After being suspended twice from school for probably the most amusing reasons ever invented; once for running into the girls’ toilets to steal their cakes and the other for calling a teacher ‘sweetheart’ – “I got escorted down to the headmistress’s office and the Head of Maths said to me ‘This is Mrs Palmer, the headmistress. Would you call Mrs Palmer sweetheart?’ And I said ‘Yeah, if I knew her a better’” – he was eventually politely asked to leave college for refusing to turn down acting work.

Tovey’s work ethic hasn’t swayed since. When I ask him if he thinks he’ll ever need to take a year off, he adamantly insists “No, I’d never stop no. You give yourself a holiday and you chill out but I’m a lot happier when I’m working. When I’m not working, the washing piles up, nothing gets posted, things don’t get sorted.
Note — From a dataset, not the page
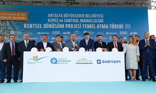 Sur Yapı’nın Kepez-Santral bölgesinde 8 milyar TL yatırımla hayata geçirdiği Antalya Projesi’nin resmi temel atma töreni dün gerçekleştirildi. Törene, Dışişleri Bakanı Mevlüt Çavuşoğlu, Çevre ve Şehircilik Bakanı Mehmet Özhaseki, Antalya Valisi Münir Karaloğlu ve Büyükşehir Belediye Başkanı Menderes Türel katıldı.

As soon as I’m working and I’ve got no time at all, everything is covered, it’s really weird.

“You read so many gay parts and the gay character is always quite a tragic story and there’s always a terrible ending.”
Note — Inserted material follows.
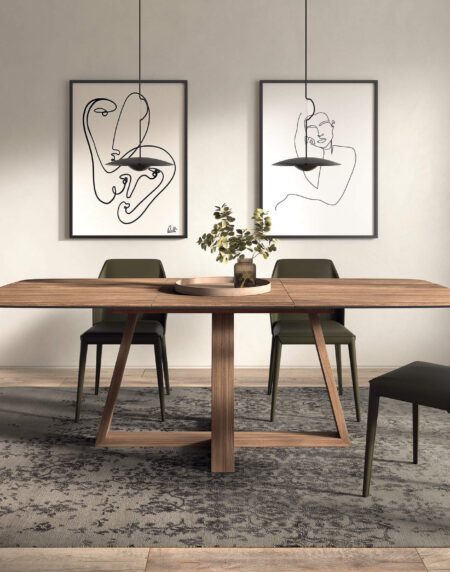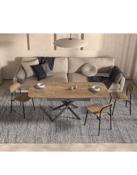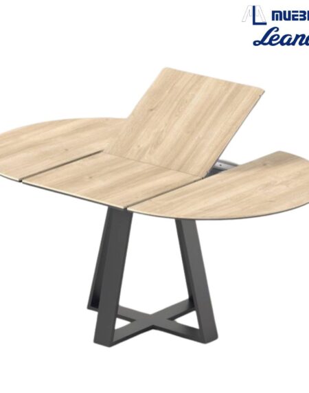 Extensible con volteador y sistema de apertura sincronizado. Color nogal tierra elige entre pata de madera o metálica.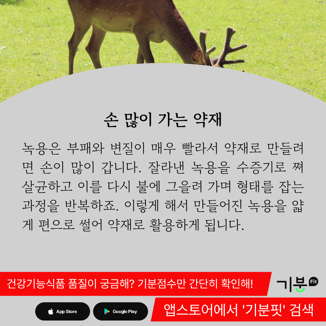 녹용은 부패와 변질이 매우 빨라서 이를 약재로 만들기 위해서는 손이 많이 간다.

 “I’ve actually told all my friends and put on my Facebook status ‘I’m on lock down’ because I literally have no time to do anything.” Adding with a deliberately tongue-in-cheek tone, “When I do have free time I’m down the gym because I’m topless in this.” Although he admits being in the “average man casting bracket” where there’s no pressure on the number of packs you can boast, he jokes: “I want to hear gasps [on stage]. It’s a Brucey bonus you get with me! You don’t expect it!”

It can’t hurt either for his next adventure which will take him to the bizarre world of pilots’ season in Los Angeles when Sex With A Stranger finishes its run on 25 February. With cult BBC hit Being Human reformatted for US television and an American remake of Him & Her in progress, he’s in the fortunate position of already being on the radar of producers over the pond. “I went before Christmas and did a power week of meeting all the studios and all the casting people”. Laughing, Tovey adds, “Everyone said you’ll go over there and they’ll make you feel like you’re going to change the world and I said ‘okay fine’ and I left and thought ‘I’m going to take over the world’ basically.”

Tovey’s decision to leave the BBC’s supernatural drama Being Human after four successful seasons was partly due to his desire to be open for filming elsewhere, but also came down to a gut feeling. “You just know when you know, you know? It was like the end of a relationship when you’ve had a really lovely time, you really care about each other but you know it’s not the one for you. I had a lovely time and then Aidan [Turner, his Being Human co-star] leaving made me sort of go ‘hmmm’ and I’ve been with it a long time playing that character.”

If acting wasn’t enough to keep him busy, Tovey is also taking tentative steps to make his way to the other side of the camera. He is the author of three plays but also, somewhat unfortunately, has a short attention span. “They have all had readings, then they’ve suddenly gone ‘we want to see a second draft or a third draft’ and I think ‘I’m bored of that, I want to write something else now’ so I’ve never followed through with anything.” The actor has also spoken at length about the lack of interesting gay roles, so I wonder if it’s a role he would like to write himself? “Yeah. You read so many gay parts and the gay character is always quite a tragic story and there’s always a terrible ending or they’re terribly lonely or they get AIDS, I just want to play someone who’s kind of sorted, not something that’s going to break boundaries, just something that’s going to tell a different side.”

Different sides is something Tovey has lots of. He may be the cheeky Essex boy I’ve read him described as numerous times, but to me, he mainly stands out as being as interested in and fully engaged with as many things as he possibly can be. When I ask him what he’d be doing if he weren’t acting, without a beat he answers: “When I was a little boy I used to want to be a history teacher,” a passion he manages to get into our conversation during the interview. “If I wasn’t doing that I would do something in contemporary art. I’d be a curator or I’d run a gallery” he adds, before reeling off a list of names of artists he’d love to play.

Perhaps those American casting agents should widen their brackets. An average man he is not.